Residential property sales in the region totalled 5,173 in March 2016, an increase of 27.4 per cent from the 4,060 sales recorded in March 2015 and an increase of 24 per cent compared to February 2016 when 4,172 homes sold.


Last month’s sales were 56 per cent above the 10-year sales average for the month. "March was the highest selling month the REBGV has ever recorded,” Dan Morrison, REBGV president said. “Today's demand is broad based. Home buyers are active in neighbourhoods across our region."


New listings for detached, attached and apartment properties in Metro Vancouver totalled 6,278 in March 2016. This represents an increase of 5.2 per cent compared to the 5,968 units listed in March 2015 and an 8 per cent increase compared to February 2016 when 5,812 properties were listed.

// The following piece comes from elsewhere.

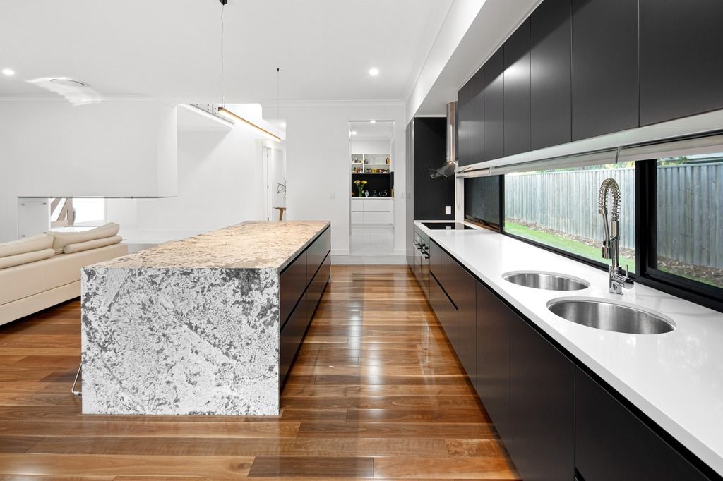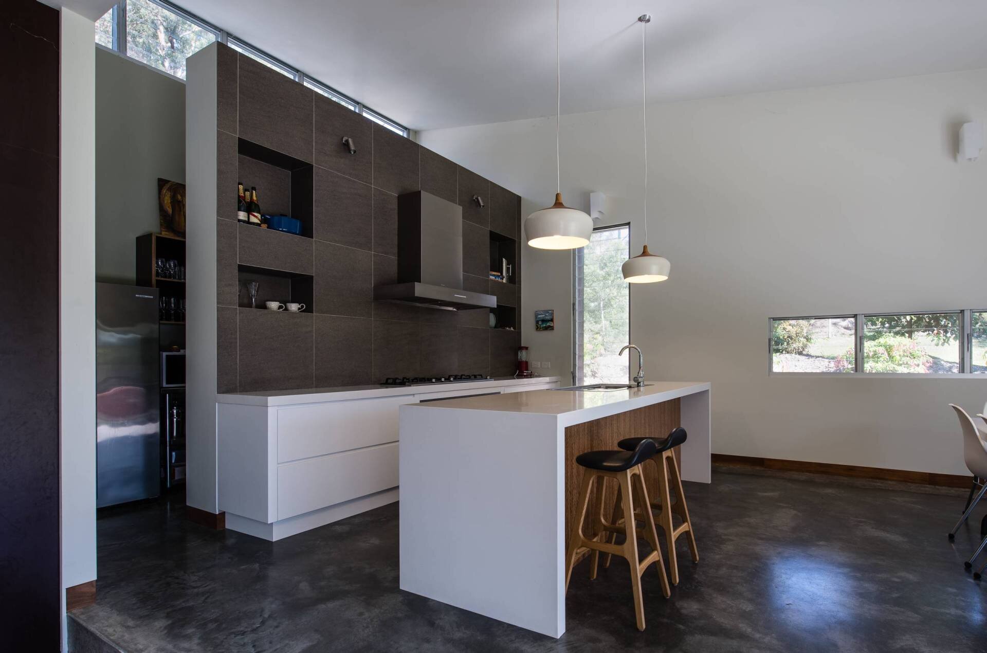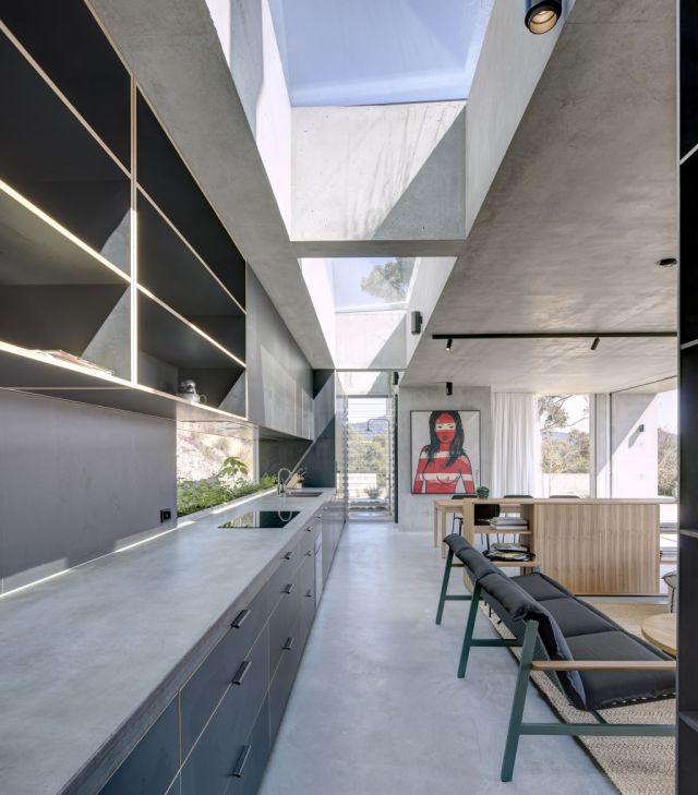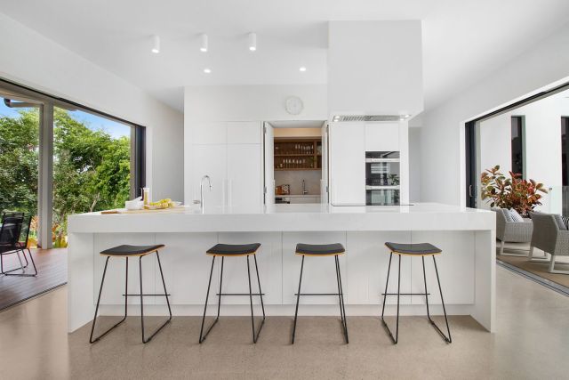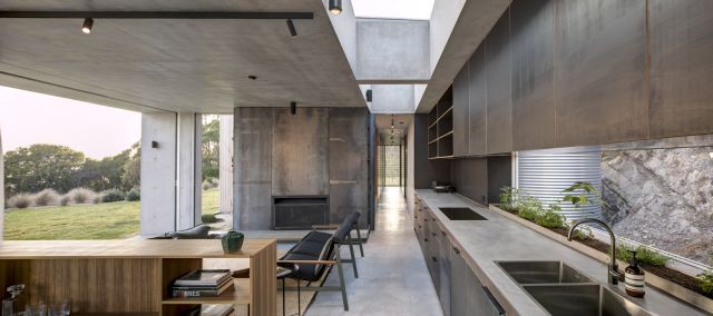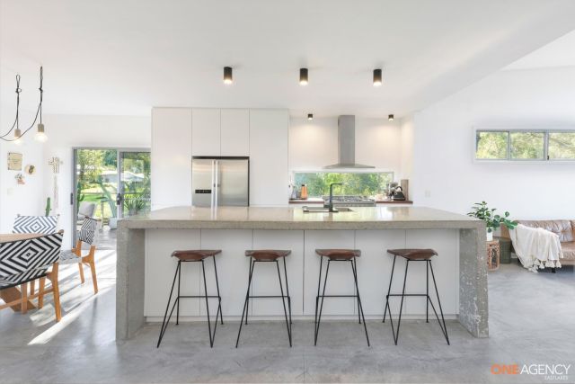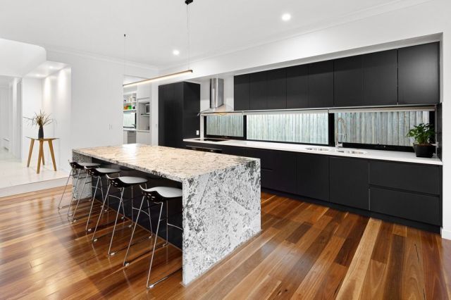 - Thick concrete or stone benchtops

The total number of properties currently listed for sale on the MLS® system in Metro Vancouver is 7,358, a 40.5 per cent decline compared to March 2015 (12,376) and a 0.8 per cent increase compared to February 2016 (7,299).


“Strong job and economic growth in our province, positive net migration and low interest rates are helping to drive this activity," Morrison said.

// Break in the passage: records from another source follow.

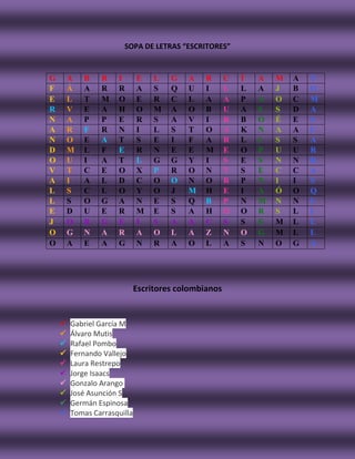 La sopa de letras contiene las letras de los apellidos y nombres de 10 escritores colombianos notables como Gabriel García Márquez, Álvaro Mutis, Rafael Pombo, Fernando Vallejo, Laura Restrepo, Jorge Isaacs, Gonzalo Arango, José Asunción Silva, Germán Espinosa y Tomas Carrasquilla.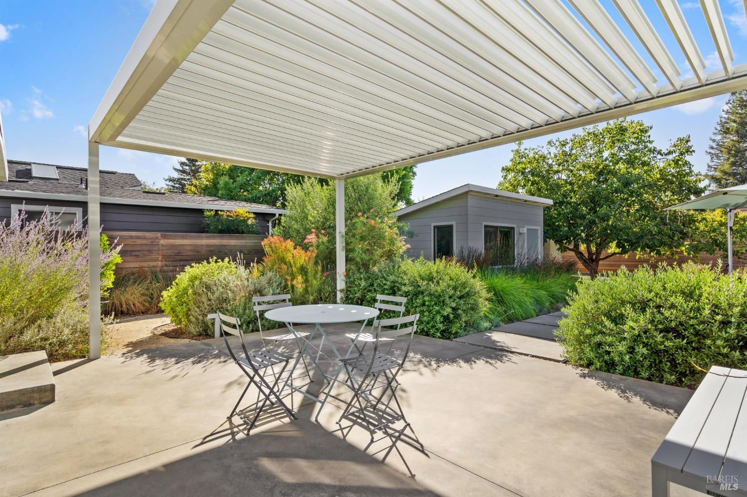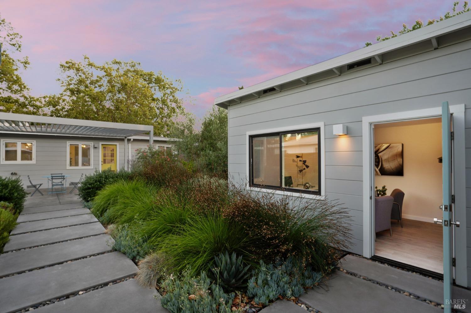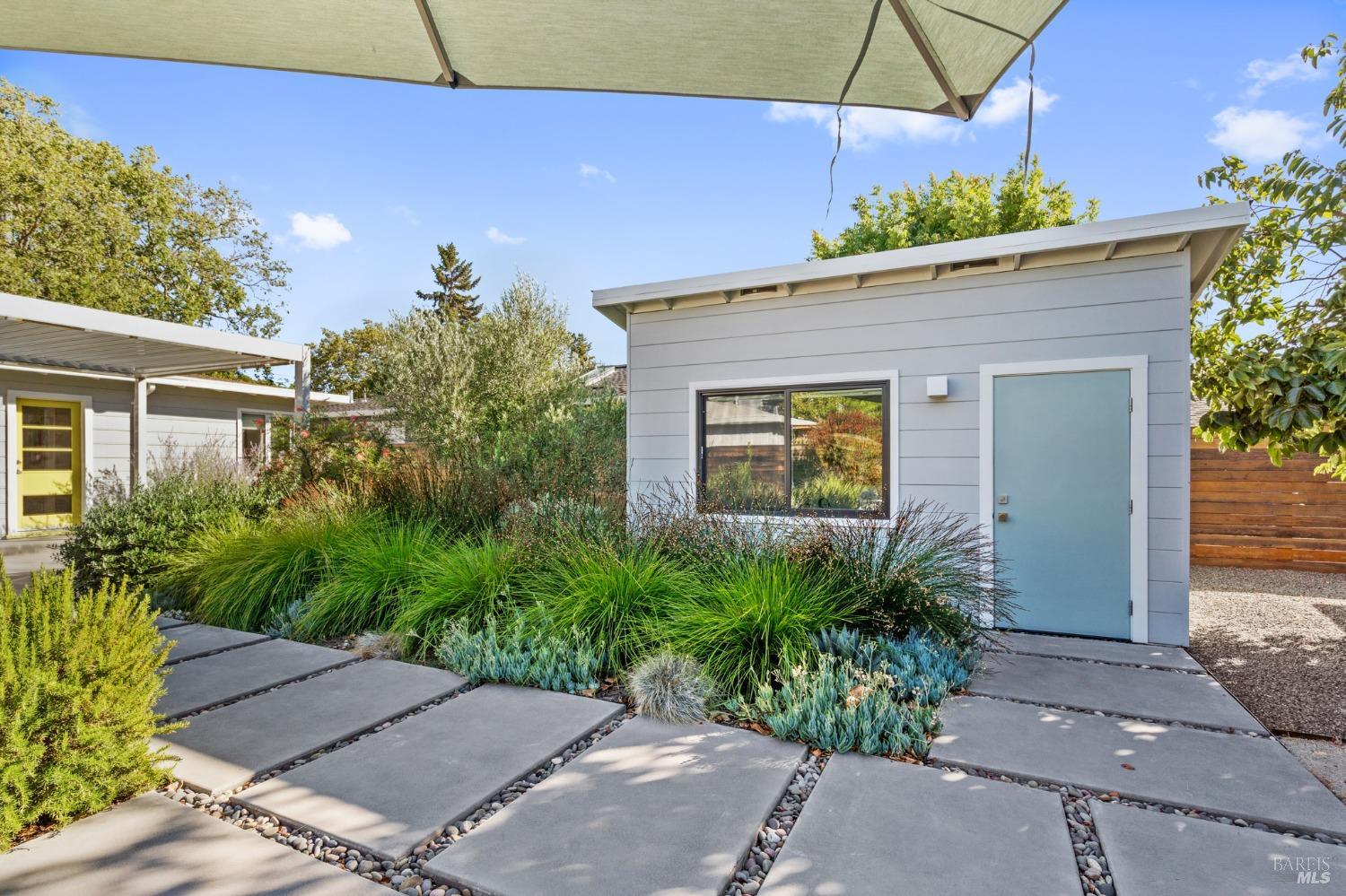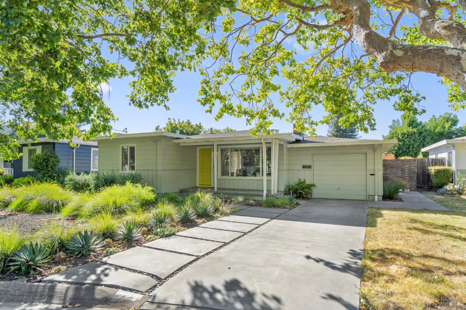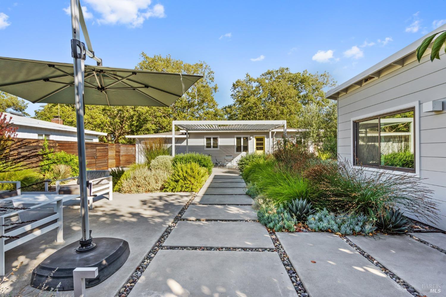 Fall head over heels for this mid-century gem. Nestled on a sprawling, level lot, this home features a true outdoor oasis: a backyard paradise designed for effortless, low-maintenance living and unforgettable entertaining. Extensive covered and open hardscape areas beckon you to savor the meticulously designed outdoor spaces; pergola adjusts for enhanced light control. Professional landscaping transforms the home into a one-of-a-kind retreat, a perfect backdrop for creating lasting memories with guests. Situated on a quiet, serene bend in the road, you'll be greeted by elevated design features including hardwood flooring, a cozy fireplace and updated fixtures and finishes which seamlessly blend with the home's architectural charm and aesthetic appeal. The kitchen features a delightful fusion of vintage accents and modern elements, and includes a stylish Wedgewood stove, Shaker-style cabinetry, subway tile backsplash, and an adjoining dining space filled with cheerful natural light. In addition to the main house, you'll discover a charming accessory dwelling unit, currently configured as a private home office. An attached single-bay garage ensures that parking and storage are never a concern.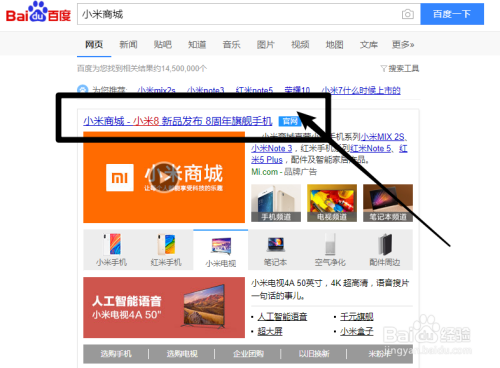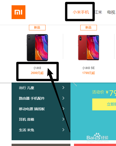 把鼠标移到到上方的【小米手机】就可以看到小米8了,点击进去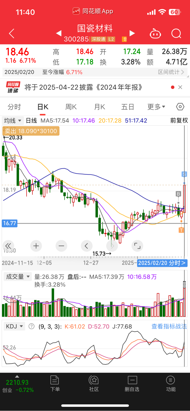 卖飞,太强了,想等回落分时均线的,直接不给机会,里面兄弟拿住,发财里回来了。

The MLS® Home Price Index composite benchmark price for all residential properties in Metro Vancouver is currently $815,000. This represents a 23.2 per cent increase compared to March 2015.

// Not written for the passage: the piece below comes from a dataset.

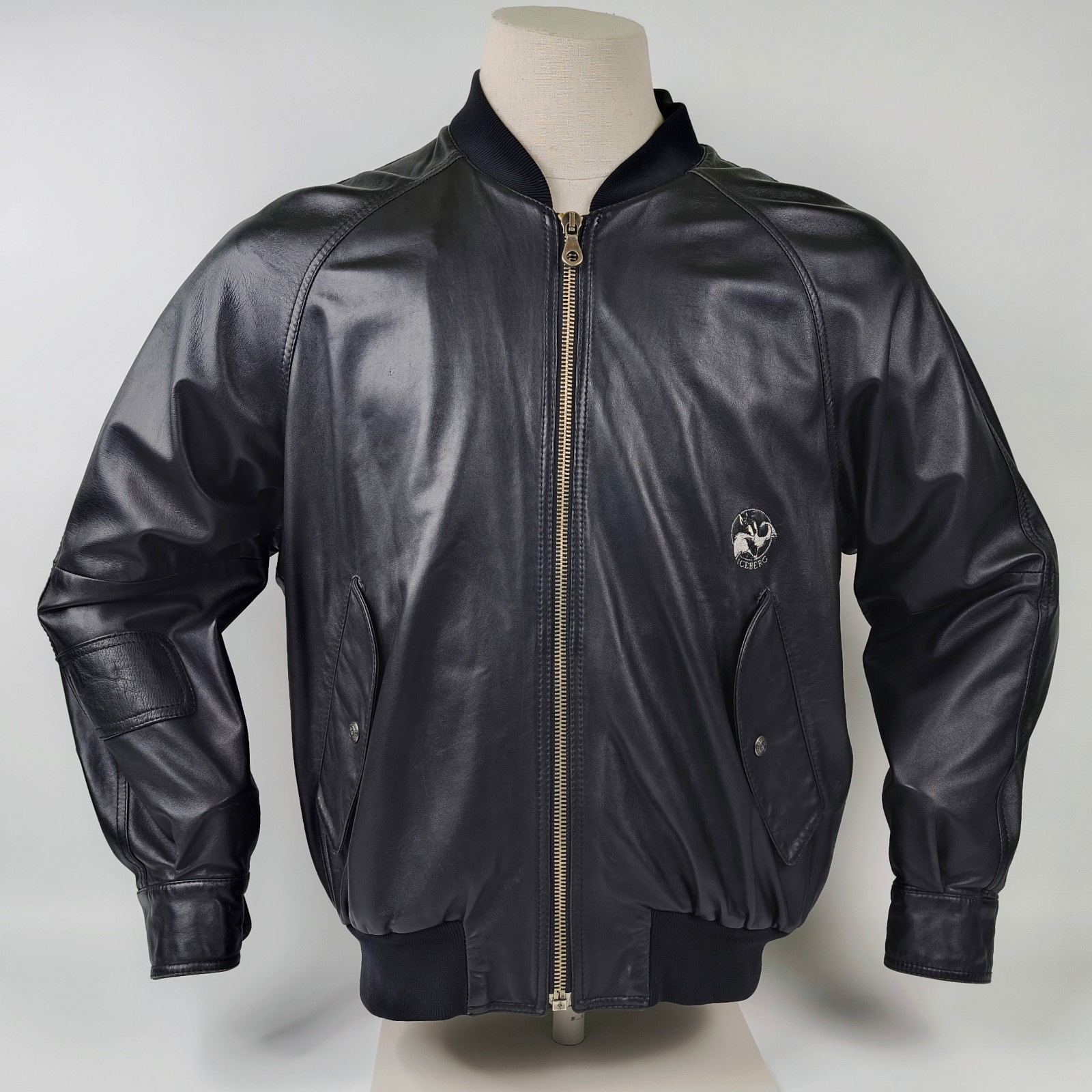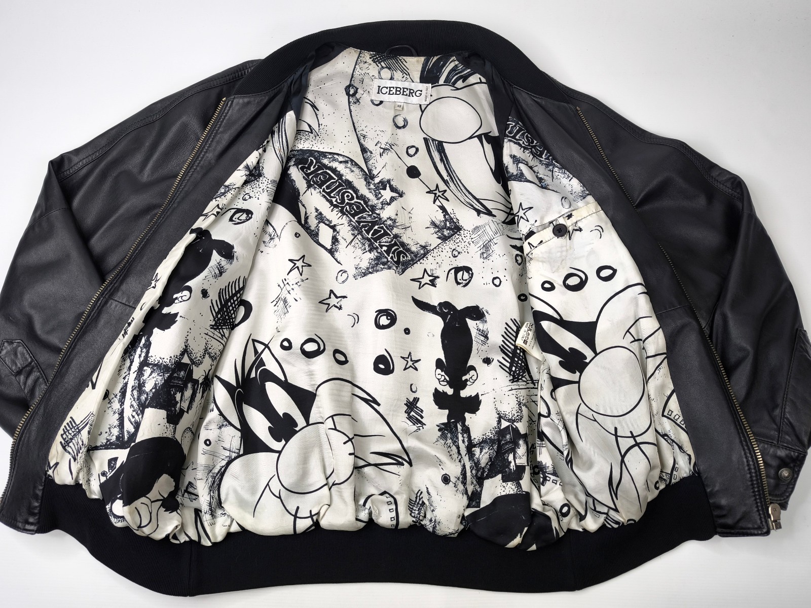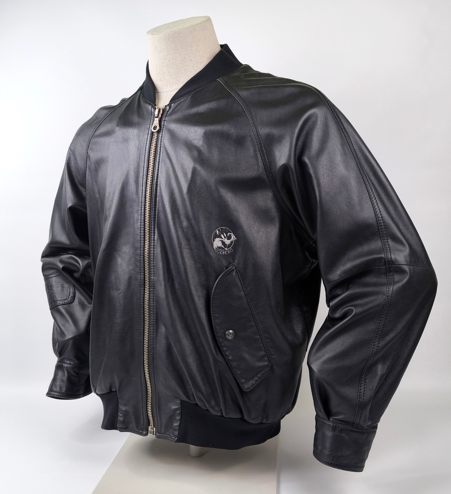 Preisvorschlag für Iceberg Lederjacke Kater Sylvester schwarz Gr. 48 (M) Italy vintage 90s

Sales of detached properties in March 2016 reached 2,135, an increase of 24.8 per cent from the 1,711 detached sales recorded in March 2015. The benchmark price for detached properties increased 27.4 per cent from March 2015 to $1,342,500.


Sales of apartment properties reached 2,252 in March 2016, an increase of 38.4 per cent compared to the 1,627 sales in March 2015.The benchmark price of an apartment property increased 18.8 per cent from March 2015 to $462,800.


Attached property sales in March 2016 totalled 786, an increase of 8.9 per cent compared to the 722 sales in March 2015. The benchmark price of an attached unit increased 20.1 per cent from March 2015 to $589,100.